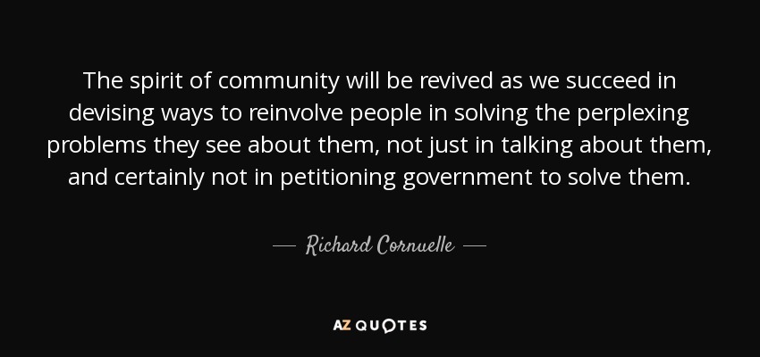 The spirit of community will be revived as we succeed in devising ways to reinvolve people in solving the perplexing problems they see about them, not just in talking about them, and certainly not in petitioning government to solve them.
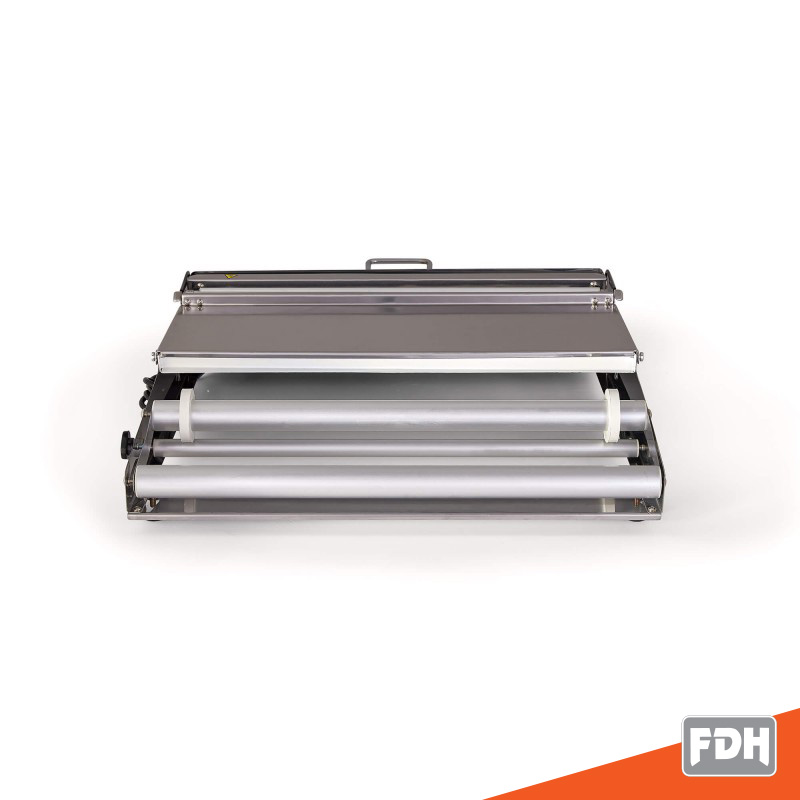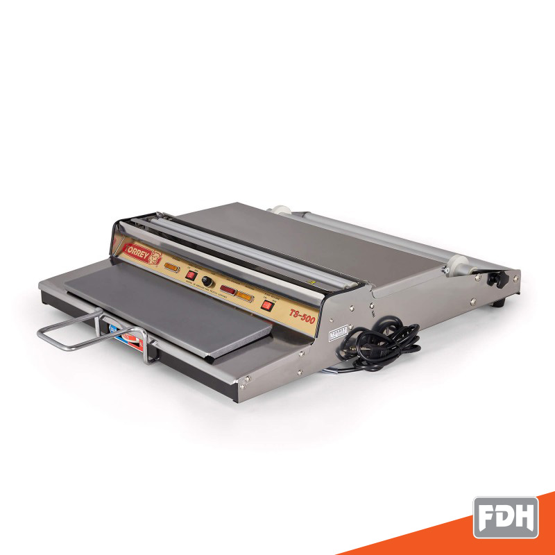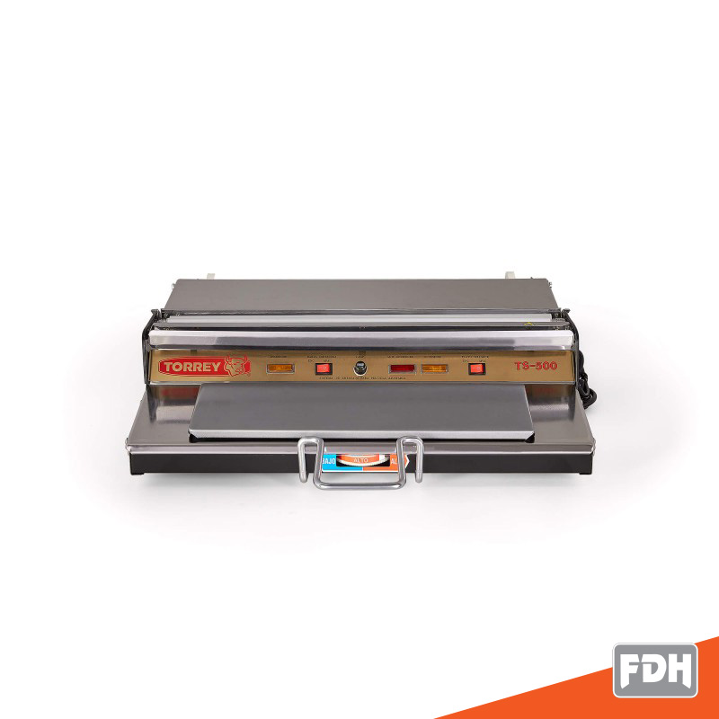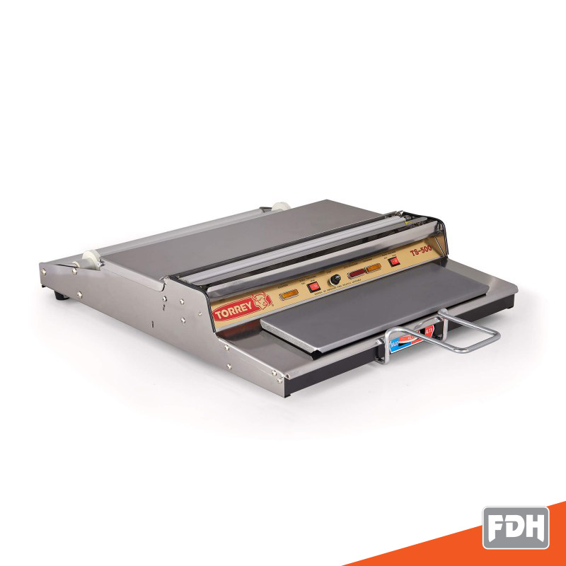 Termoselladora de temperatura ajustable TORREY para mostrador y porta rollos adaptable a diferentes medidas de película selladora.
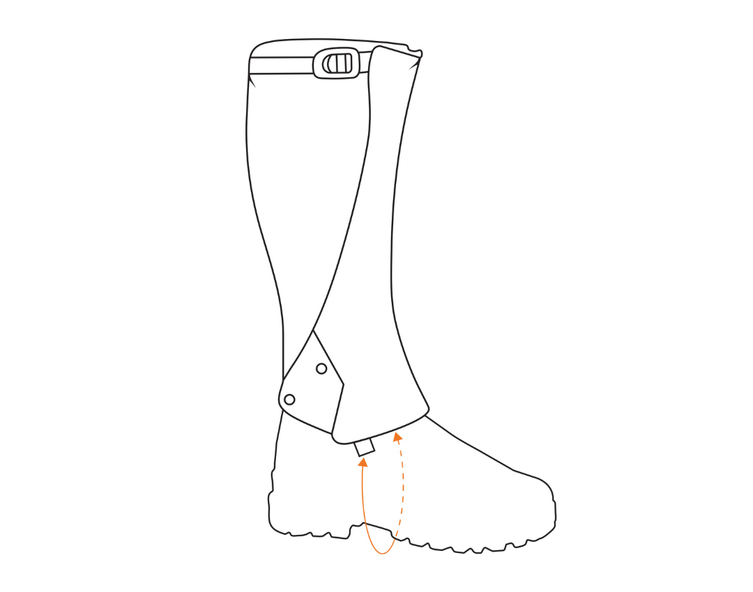 Your gaiter wire length depends on the boot type, the gaiter size, and your legs. To determine the best length for your needs, start by putting your gaiter on your boot and then measure from one webbing tab that holds the wire, following down under the boot to the webbing tab on the opposite side.

==============================

== EXERCISE DIRECTIONS ==
Transcribe the whole listing exactly but exclude images.

== SOLUTION TO THIS EXERCISE ==
 The spirit of community will be revived as we succeed in devising ways to reinvolve people in solving the perplexing problems they see about them, not just in talking about them, and certainly not in petitioning government to solve them.
 Termoselladora de temperatura ajustable TORREY para mostrador y porta rollos adaptable a diferentes medidas de película selladora.
 Your gaiter wire length depends on the boot type, the gaiter size, and your legs. To determine the best length for your needs, start by putting your gaiter on your boot and then measure from one webbing tab that holds the wire, following down under the boot to the webbing tab on the opposite side.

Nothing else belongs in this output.